Exercise objective: Restate, exactly as written, the entries below from the line that holds "Etkinlikte Doç. Dr." through the line that holds "Zillow 最新一期问卷调查中,近半数的专家预测,美国将在 2020". Pictures are not part of the copy.

Data:

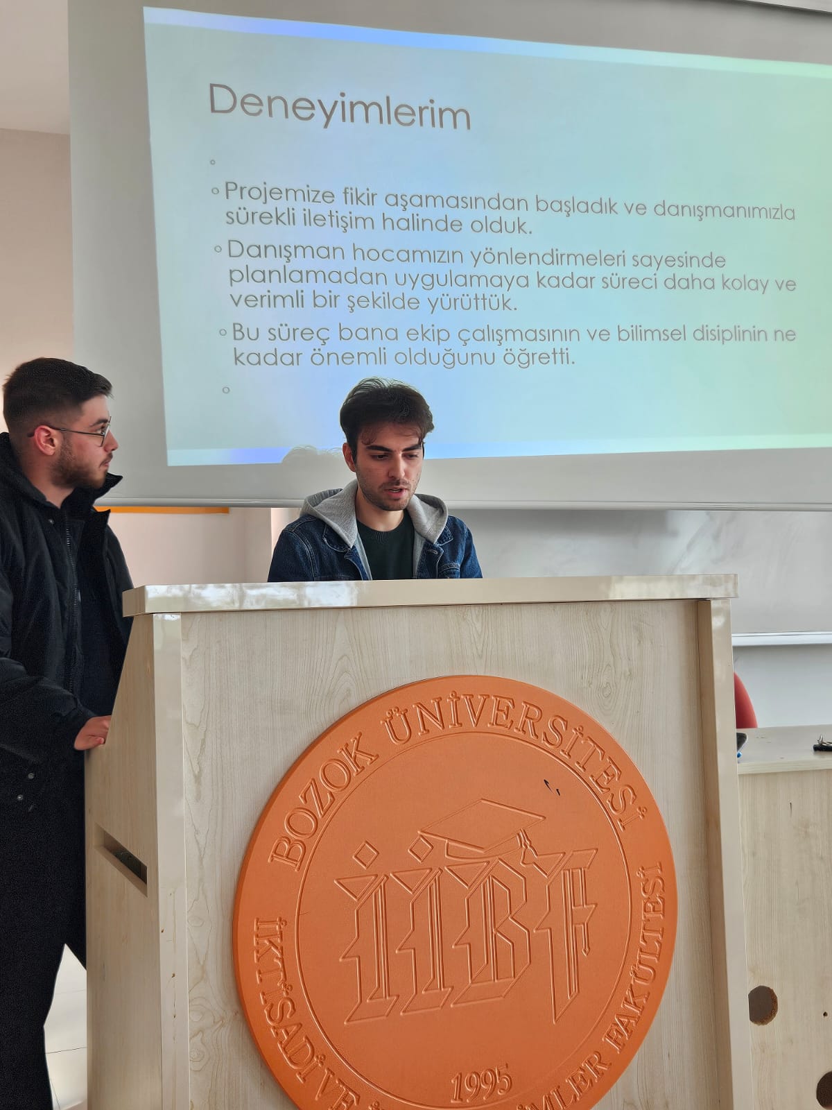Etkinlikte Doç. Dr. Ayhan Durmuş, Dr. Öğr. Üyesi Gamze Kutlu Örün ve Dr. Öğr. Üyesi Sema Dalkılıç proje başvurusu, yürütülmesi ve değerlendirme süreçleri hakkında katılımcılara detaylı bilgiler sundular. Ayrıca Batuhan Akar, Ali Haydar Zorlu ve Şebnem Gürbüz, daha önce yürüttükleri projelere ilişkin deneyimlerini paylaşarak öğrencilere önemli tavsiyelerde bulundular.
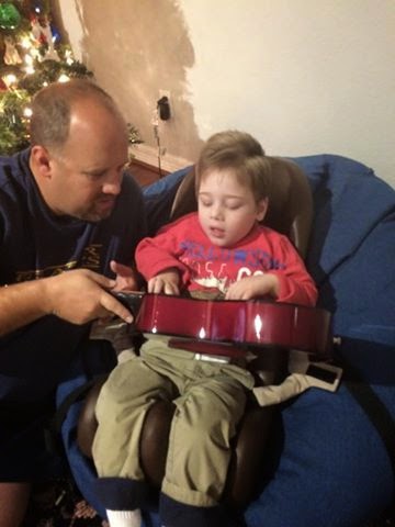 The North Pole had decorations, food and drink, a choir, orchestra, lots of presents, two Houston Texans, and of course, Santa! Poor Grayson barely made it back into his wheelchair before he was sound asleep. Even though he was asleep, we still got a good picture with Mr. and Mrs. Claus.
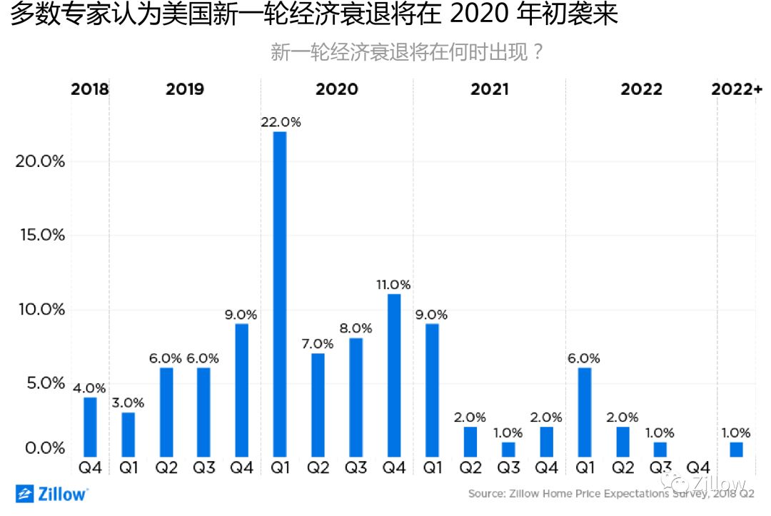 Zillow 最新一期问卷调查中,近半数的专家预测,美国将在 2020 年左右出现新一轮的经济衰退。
--
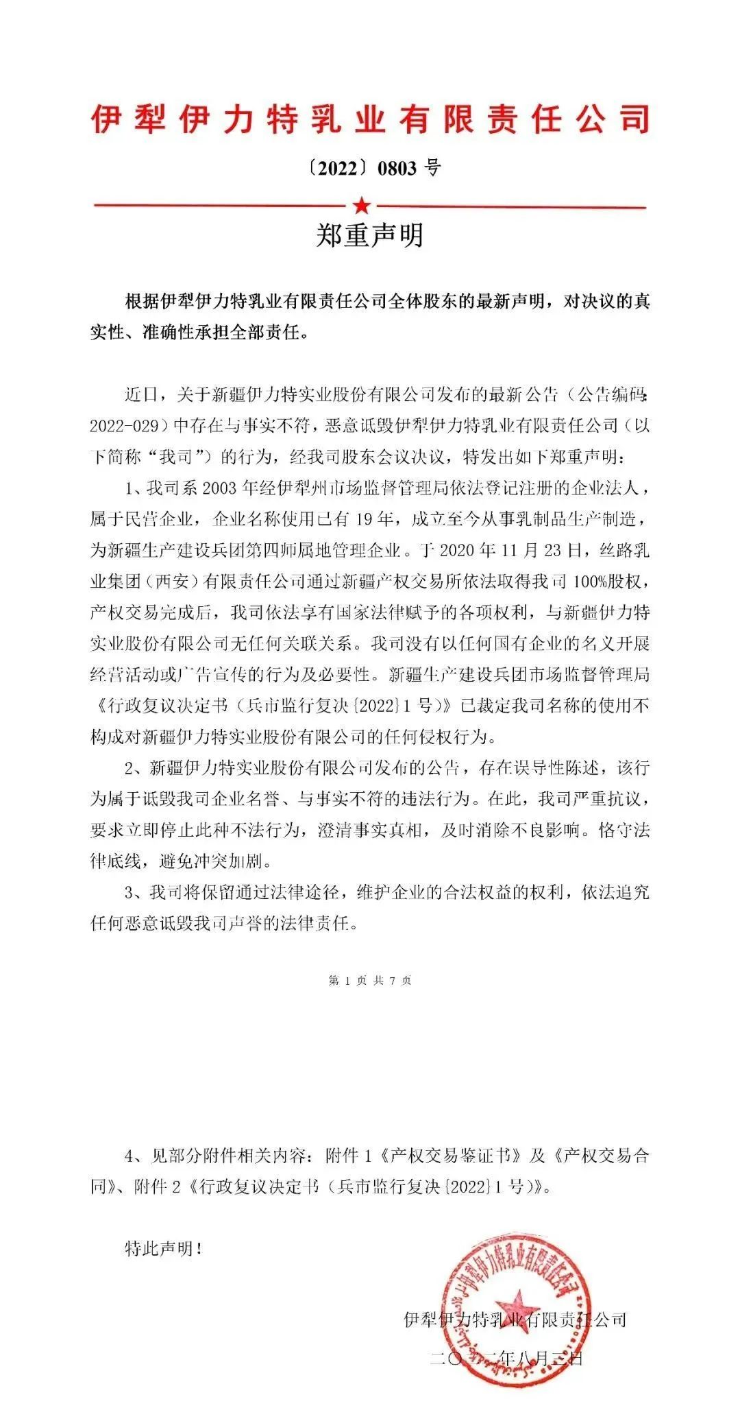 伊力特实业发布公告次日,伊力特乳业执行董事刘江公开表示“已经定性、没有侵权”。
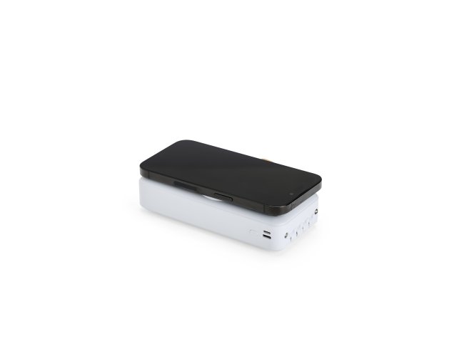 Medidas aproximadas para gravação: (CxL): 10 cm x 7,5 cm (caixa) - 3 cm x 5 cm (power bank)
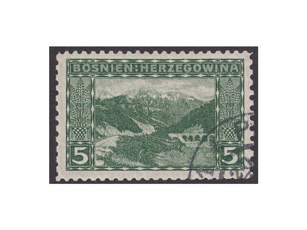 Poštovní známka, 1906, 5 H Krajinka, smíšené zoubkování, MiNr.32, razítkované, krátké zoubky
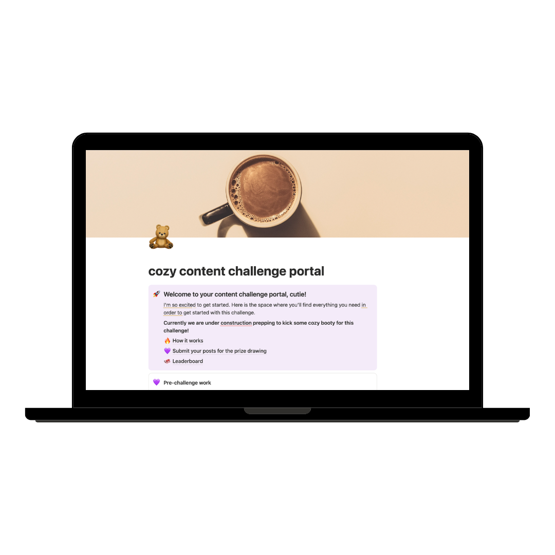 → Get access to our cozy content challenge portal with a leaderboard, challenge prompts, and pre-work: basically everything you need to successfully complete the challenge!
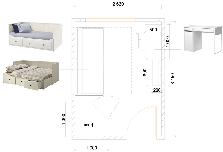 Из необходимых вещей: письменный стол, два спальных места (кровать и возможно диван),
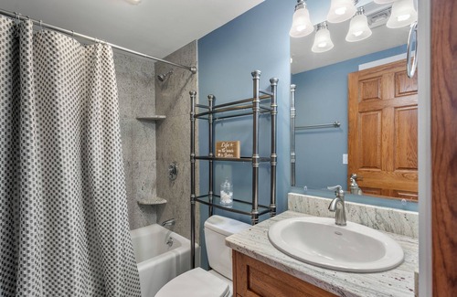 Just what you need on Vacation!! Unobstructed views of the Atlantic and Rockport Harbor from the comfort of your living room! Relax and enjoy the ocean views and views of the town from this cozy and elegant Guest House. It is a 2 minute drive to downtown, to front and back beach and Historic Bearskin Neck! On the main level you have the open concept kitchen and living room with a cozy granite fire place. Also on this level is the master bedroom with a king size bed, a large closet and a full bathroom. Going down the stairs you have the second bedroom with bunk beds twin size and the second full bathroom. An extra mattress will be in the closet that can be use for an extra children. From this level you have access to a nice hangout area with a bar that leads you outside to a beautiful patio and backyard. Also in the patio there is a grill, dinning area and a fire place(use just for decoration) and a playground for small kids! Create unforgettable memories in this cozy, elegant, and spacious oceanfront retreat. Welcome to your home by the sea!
--
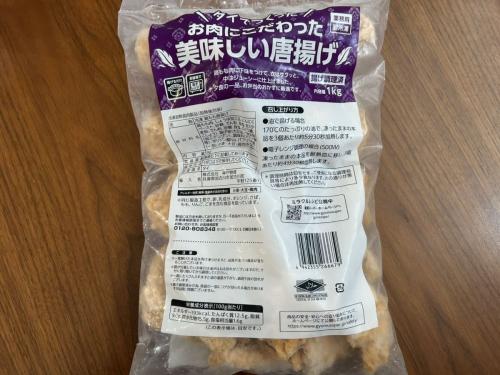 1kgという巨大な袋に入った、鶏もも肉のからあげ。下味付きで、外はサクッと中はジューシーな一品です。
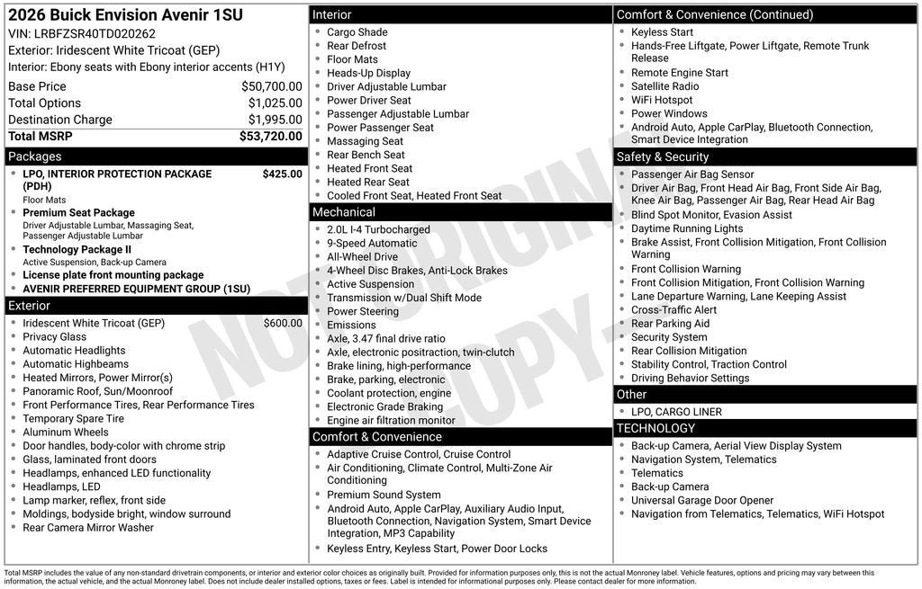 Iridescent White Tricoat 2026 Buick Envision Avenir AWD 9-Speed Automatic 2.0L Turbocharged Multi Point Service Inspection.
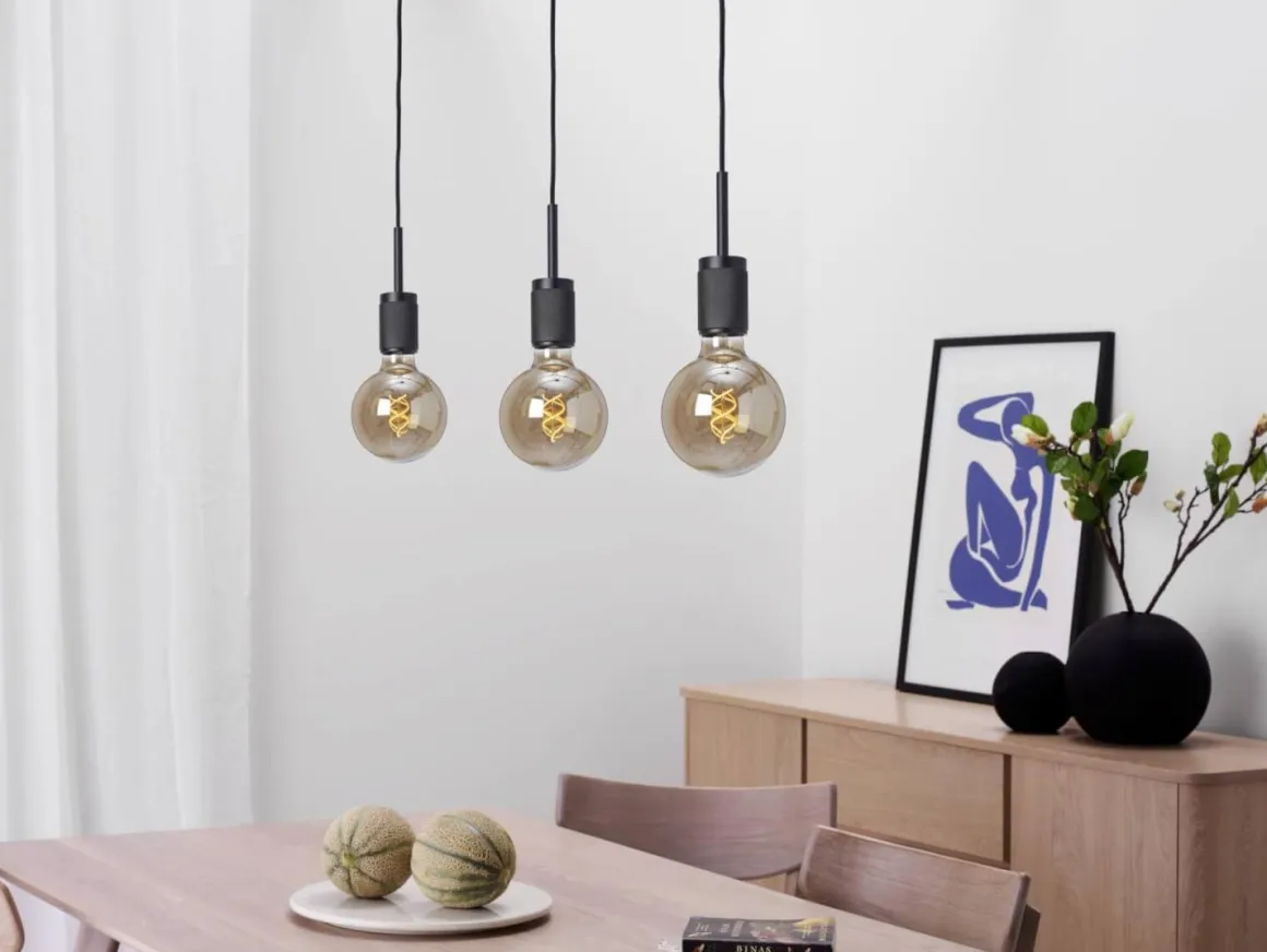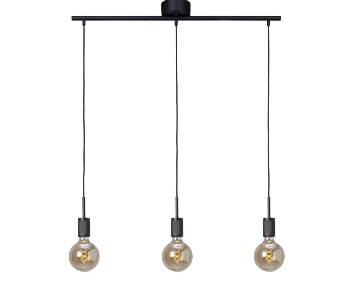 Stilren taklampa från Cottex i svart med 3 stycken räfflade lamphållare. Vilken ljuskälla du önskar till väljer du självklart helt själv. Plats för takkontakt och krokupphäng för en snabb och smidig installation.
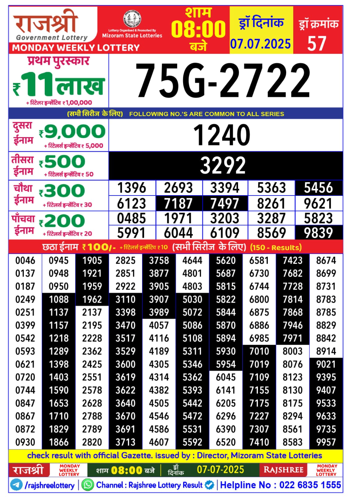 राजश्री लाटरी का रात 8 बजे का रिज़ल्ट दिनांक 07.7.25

Written response:
Etkinlikte Doç. Dr. Ayhan Durmuş, Dr. Öğr. Üyesi Gamze Kutlu Örün ve Dr. Öğr. Üyesi Sema Dalkılıç proje başvurusu, yürütülmesi ve değerlendirme süreçleri hakkında katılımcılara detaylı bilgiler sundular. Ayrıca Batuhan Akar, Ali Haydar Zorlu ve Şebnem Gürbüz, daha önce yürüttükleri projelere ilişkin deneyimlerini paylaşarak öğrencilere önemli tavsiyelerde bulundular.
 The North Pole had decorations, food and drink, a choir, orchestra, lots of presents, two Houston Texans, and of course, Santa! Poor Grayson barely made it back into his wheelchair before he was sound asleep. Even though he was asleep, we still got a good picture with Mr. and Mrs. Claus.
 Zillow 最新一期问卷调查中,近半数的专家预测,美国将在 2020 年左右出现新一轮的经济衰退。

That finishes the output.